# Post divorce and just flat-out-worn-out in life. That and the "fear" thing.



## Alright23 (May 4, 2012)

So I've been divorced for 3 years now. I was married for 9. We have three living children and she has another set of twins by her new boyfriend(? fiance?)
So basically when everything went south, from my viewpoint, it happened all at once. She had pushed me out of her life in favor of a new guy... well, an old "friend" of hers. I was devastated. I didn't lose a wife, I lost my whole family. 
-Now a little background, I have always put them first. I made many decisions based on what SHE wanted for her family as opposed to what I wanted, or felt what was right, because for me it was always about making her happy first. Don't get me wrong, I am not a saint, nor do I feel like complaining here, but I do feel the need to say, quite simply; She wronged the Hell out of me. It was a very manipulative, abusive marriage with betrayal and infidelity on her end.

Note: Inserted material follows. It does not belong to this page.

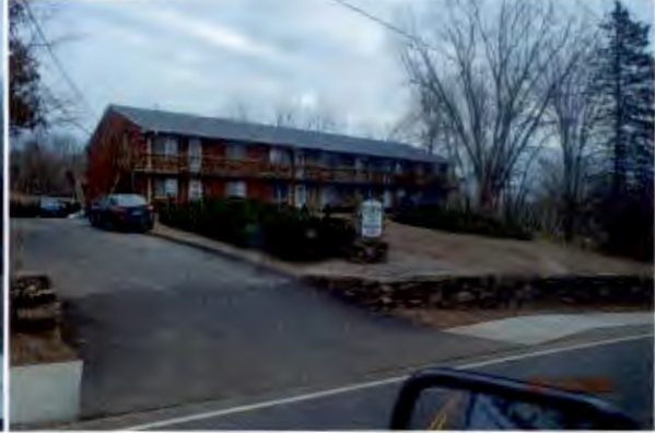
West Brook Garden Apartments 32 units
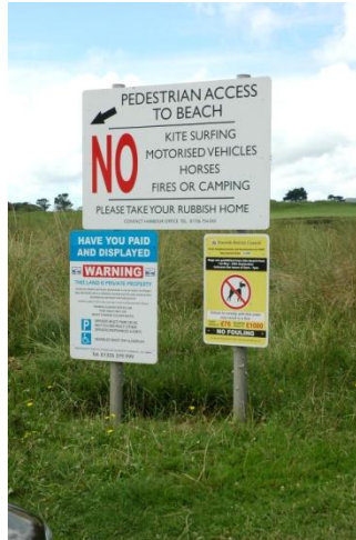
Signs at Harvey's Towans

No, I never cheated, not even for revenge.

Since then, I had a rough time with employment until about 8 months ago. I have a steady job, it's at a grocery store. I make jack, but the ethic is real, the hunger is real and I will make it to management.
I live in a crappy room. I have no ability for my boys to spend the night with me. I get the occasional sadistic call from the ex every so often that highlights how "boyfriend is a great father figure to your kids." Basically, there are a ton of things that are trying to push me into a neurotic-self-doubting mess.

I get on dating sites. I have no idea why. I suppose because I'm lonely. I am so far away from being right for anyone or realistically having the financials for something stable. No one takes a look or is interested, though I am very sincere, though not weak. I am not an unattractive person, not a model, but not a beast. 
Yeah- I doubt myself. I was seeing one woman a year ago when I lived in another city, away from the kids. She turned out to be a mess, in and out of jail, just really a person who made me look at myself and say "What the Hell am I attracting?" But there was passion.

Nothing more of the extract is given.